Dopasowanie siodła

He, he, w ramach zachwalania ta sam firma mówiła o wyższości tego wypełnienia pod każdym względem nad wszelkimi innymi dotąd stosowanymi, ale zrzućmy to na karb reklamy. Co innego krótka rozmowa telefoniczna, aby zachęcić klienta, a co innego konkretna rozmowa już przy zakupie - to znaczy taką mam nadzieję. 
hehe , to ci ciekawostka 😉 może coś się zmieniło przez pół roku? 😁
Agu trudno mi mówić o serwisie siodeł, mnie się trafiło tak, że nie trzeba było nawet łęku wymieniać. W zasadzie "przetestuję" ten serwis dopiero teraz.
caroline   siwek złotogrzywek :)
09 stycznia 2009 17:04
Przez długi czas była to wełna owcza, której głównym minusem jest oczywiście to, że po pewnym czasie lubi się zbijać i robić "buły", ma jednak także mnóstwo zalet.
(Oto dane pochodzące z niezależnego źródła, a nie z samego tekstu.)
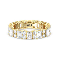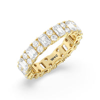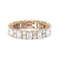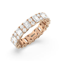An incredibly sparkly ring that will surely turn heads. This eternity ring features a continuous row of alternating oval and round diamonds. It is the perfect representation of how your love shines bright amidst the turns and twists in life.
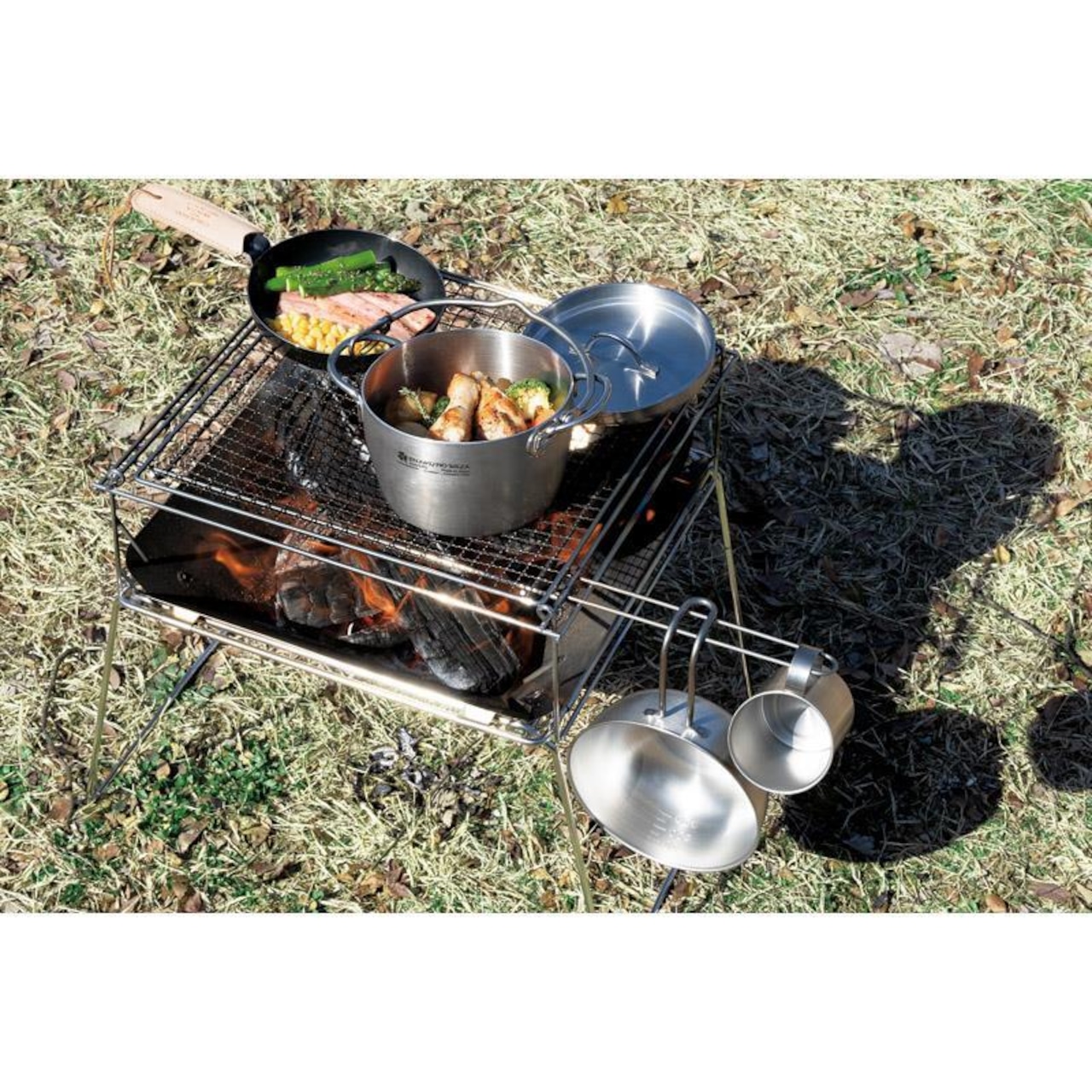 鍋の本体は、熱伝導性に優れたアルミニウムを耐久性と保温性に優れたステンレス鋼でサンドした 層構造( LAYERS)。IHはもちろん、ガス火やオーブン調理、アウトドアでの焚火や炭火にも対応します。使い始めのシーズニング(油慣らし)の必要が無く、蓋はステンレス mm厚と重いので、アウトドアでのご飯の炊き込みや煮込み調理に最適です。ツルは着脱式でアウトドアだけでなく、インドアでも活躍します。

Niewątpliwą jest łatwość wymiany takiego wypełnienia.
buły robia sie jesli zbyt rzadko wymienia sie wypelnienie. przy intensywnie uzytkowanym siodle powinno byc wymieniane nawet co 3 miesiace.
ja planuje wymiany nie rzadziej niz raz na rok. na razie czesciej mi sie zdarzaly wymiany... ale to dlatego, wprost uwielbiam siodlo ze "swiezym" wypelnieniem, a skoro siodlo i tak bylo w serwisie - to robilam full serwis 😉 (dopisane 😉)
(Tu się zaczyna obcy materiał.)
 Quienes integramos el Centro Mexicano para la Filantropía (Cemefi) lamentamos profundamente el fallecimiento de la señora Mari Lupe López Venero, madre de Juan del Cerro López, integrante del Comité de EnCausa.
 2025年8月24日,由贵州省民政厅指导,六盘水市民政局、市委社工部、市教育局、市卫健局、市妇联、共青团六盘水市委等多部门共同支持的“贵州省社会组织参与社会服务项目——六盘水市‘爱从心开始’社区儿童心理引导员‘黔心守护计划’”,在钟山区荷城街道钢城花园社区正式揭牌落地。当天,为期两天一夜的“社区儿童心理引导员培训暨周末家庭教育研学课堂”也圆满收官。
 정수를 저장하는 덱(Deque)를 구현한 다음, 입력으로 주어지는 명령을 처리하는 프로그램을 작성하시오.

co do innych materialow - slyszalam, ze te "inne" niz welna naprawde dobre sa tylko w lemetexach.

i jeszcze co do tego "uklepywania sie" po miesiacu jazdy - niezupelnei chodzi o uklepanie w takim powszechnym rozumieniu, a o to, ze po miesiacu mniej wiecej widac gdzie bardziej sie ubije/pracuje wypelnienie (np. przod/tyl siodla - w zal. od tego czy jezdziec siada mocniej na przednim tylnym leku) i ogolnie - jak ono pracuje, co zalezy m.in. od intensywnosci jazd, masy jezdzca.
ten stopien i sposob pracy/ubijania sie wypelnienia to poprostu dodatkowy czynnik, ktory nalezy brac pod uwage dopasowujac siodlo - a niemozliwy do oceny "od reki".
stad tez mozliwa moze byc wymiana wypelnienia - tak, zeby uwzgledniala charakterystyke pracy danego jezdzca i konia.
K_cian, ja rozmawiałam o super odlotowym, samojeżdżącym, skaczącym, po prostu najnowszym modelu Prestige'a  😉, kosmiczne rozwiązania, super wypełnienie, które rozwiąże wszelkie problemy; a tak poważnie, to tak jak pisałam, biorę winę na siebie. Jestem przekonana, że miałaś okazję znacznie dłużej i bardziej merytorycznie porozmawiać niż tylko wysłuchać krótkiej reklamy. Jeśli będę się decydowała na te wszystkie super rozwiązania, na pewno znacznie dokładniej przepytam oferenta. I dalej na poważnie: prawda jest taka, że dzięki Wam mogę przygotować odpowiednio długa "listę pytań" i nie dać sobie wmówić kitu.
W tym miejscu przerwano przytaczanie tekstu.